== Data for this exercise ==
+++++
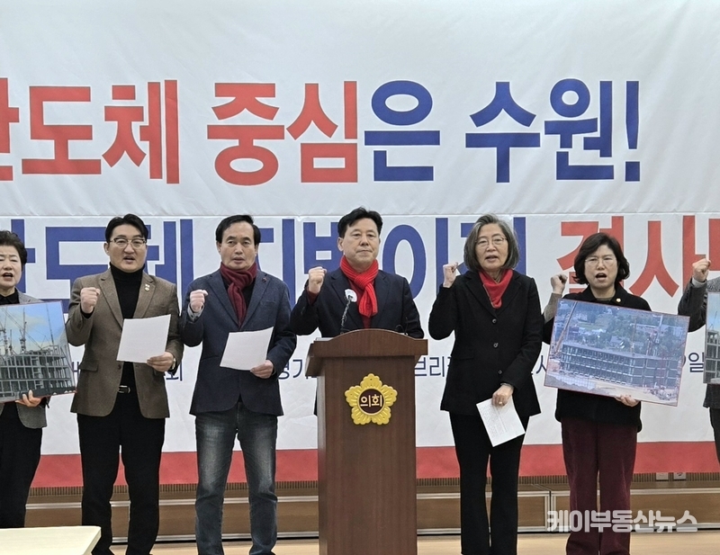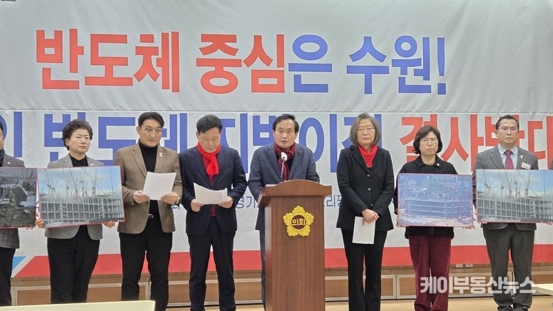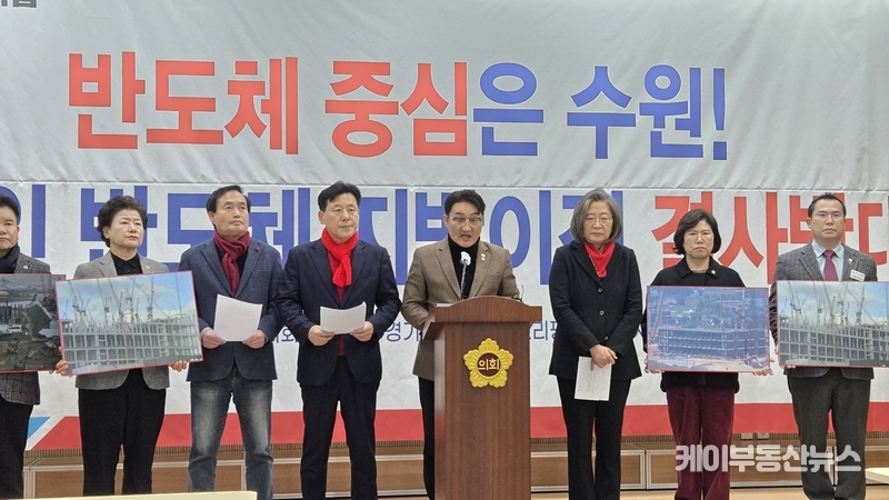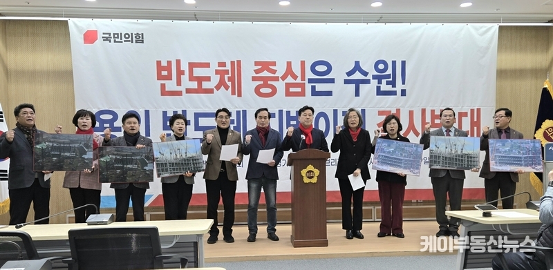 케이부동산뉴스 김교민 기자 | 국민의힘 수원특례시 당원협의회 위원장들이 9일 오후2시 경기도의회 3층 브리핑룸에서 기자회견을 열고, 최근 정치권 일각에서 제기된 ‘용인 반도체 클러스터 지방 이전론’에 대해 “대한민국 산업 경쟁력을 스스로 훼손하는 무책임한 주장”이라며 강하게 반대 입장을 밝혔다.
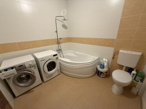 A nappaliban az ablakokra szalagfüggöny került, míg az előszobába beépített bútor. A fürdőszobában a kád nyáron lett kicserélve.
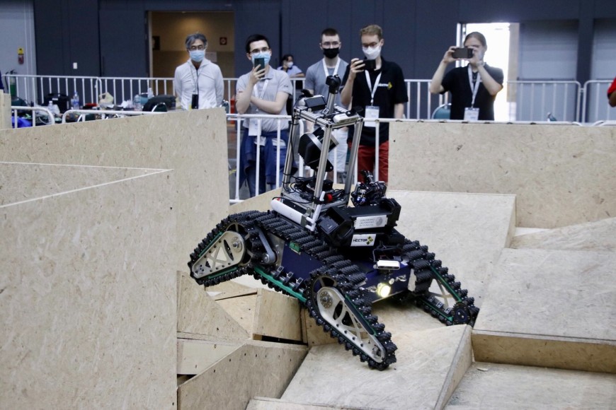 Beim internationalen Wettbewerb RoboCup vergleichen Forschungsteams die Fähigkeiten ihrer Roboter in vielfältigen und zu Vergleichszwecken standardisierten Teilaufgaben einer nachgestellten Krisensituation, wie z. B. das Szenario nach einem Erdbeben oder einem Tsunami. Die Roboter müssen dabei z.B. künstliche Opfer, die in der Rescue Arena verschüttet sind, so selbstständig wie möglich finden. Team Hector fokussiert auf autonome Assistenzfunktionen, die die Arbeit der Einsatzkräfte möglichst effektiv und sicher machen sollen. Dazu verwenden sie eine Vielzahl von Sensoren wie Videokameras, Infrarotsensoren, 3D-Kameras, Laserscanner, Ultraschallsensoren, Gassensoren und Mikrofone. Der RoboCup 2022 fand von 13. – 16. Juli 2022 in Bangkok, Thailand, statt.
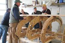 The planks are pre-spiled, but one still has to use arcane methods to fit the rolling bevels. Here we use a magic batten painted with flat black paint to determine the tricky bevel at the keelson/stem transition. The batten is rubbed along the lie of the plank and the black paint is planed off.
+++++
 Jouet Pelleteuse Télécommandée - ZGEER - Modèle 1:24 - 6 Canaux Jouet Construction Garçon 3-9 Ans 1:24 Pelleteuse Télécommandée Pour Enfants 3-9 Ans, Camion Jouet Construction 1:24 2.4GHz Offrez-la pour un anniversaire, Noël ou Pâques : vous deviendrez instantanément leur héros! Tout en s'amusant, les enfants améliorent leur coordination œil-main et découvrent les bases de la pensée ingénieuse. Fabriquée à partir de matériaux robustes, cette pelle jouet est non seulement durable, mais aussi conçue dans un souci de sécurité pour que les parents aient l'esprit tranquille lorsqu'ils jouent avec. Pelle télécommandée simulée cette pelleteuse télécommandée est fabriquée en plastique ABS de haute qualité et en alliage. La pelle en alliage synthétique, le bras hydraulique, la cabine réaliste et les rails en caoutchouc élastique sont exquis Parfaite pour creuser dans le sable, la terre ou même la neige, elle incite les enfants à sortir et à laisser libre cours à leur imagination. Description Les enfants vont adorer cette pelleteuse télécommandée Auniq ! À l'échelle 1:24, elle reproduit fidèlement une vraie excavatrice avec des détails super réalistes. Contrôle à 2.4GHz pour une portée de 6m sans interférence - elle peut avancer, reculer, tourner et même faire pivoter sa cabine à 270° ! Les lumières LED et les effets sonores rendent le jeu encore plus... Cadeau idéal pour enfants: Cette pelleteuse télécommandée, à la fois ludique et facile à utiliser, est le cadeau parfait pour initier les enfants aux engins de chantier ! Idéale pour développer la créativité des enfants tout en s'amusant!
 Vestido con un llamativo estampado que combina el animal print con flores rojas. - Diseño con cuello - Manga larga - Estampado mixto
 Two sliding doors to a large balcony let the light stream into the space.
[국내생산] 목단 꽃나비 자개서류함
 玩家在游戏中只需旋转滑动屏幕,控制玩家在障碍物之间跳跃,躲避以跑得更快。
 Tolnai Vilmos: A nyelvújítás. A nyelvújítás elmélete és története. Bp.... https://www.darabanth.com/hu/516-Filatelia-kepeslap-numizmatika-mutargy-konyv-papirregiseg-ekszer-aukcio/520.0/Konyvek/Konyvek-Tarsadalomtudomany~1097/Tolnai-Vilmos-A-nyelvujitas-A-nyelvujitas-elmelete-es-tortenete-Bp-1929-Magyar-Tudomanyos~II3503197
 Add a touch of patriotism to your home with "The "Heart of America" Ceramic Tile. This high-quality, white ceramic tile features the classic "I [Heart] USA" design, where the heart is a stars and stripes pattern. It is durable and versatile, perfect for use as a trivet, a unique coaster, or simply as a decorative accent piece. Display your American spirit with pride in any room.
+++++
When copying from the data above, begin at the line containing "케이부동산뉴스 김교민 기자" and end at the line containing "Beim internationalen Wettbewerb"; return those lines exactly and leave all pictures behind.

 케이부동산뉴스 김교민 기자 | 국민의힘 수원특례시 당원협의회 위원장들이 9일 오후2시 경기도의회 3층 브리핑룸에서 기자회견을 열고, 최근 정치권 일각에서 제기된 ‘용인 반도체 클러스터 지방 이전론’에 대해 “대한민국 산업 경쟁력을 스스로 훼손하는 무책임한 주장”이라며 강하게 반대 입장을 밝혔다.
 A nappaliban az ablakokra szalagfüggöny került, míg az előszobába beépített bútor. A fürdőszobában a kád nyáron lett kicserélve.
 Beim internationalen Wettbewerb RoboCup vergleichen Forschungsteams die Fähigkeiten ihrer Roboter in vielfältigen und zu Vergleichszwecken standardisierten Teilaufgaben einer nachgestellten Krisensituation, wie z. B. das Szenario nach einem Erdbeben oder einem Tsunami. Die Roboter müssen dabei z.B. künstliche Opfer, die in der Rescue Arena verschüttet sind, so selbstständig wie möglich finden. Team Hector fokussiert auf autonome Assistenzfunktionen, die die Arbeit der Einsatzkräfte möglichst effektiv und sicher machen sollen. Dazu verwenden sie eine Vielzahl von Sensoren wie Videokameras, Infrarotsensoren, 3D-Kameras, Laserscanner, Ultraschallsensoren, Gassensoren und Mikrofone. Der RoboCup 2022 fand von 13. – 16. Juli 2022 in Bangkok, Thailand, statt.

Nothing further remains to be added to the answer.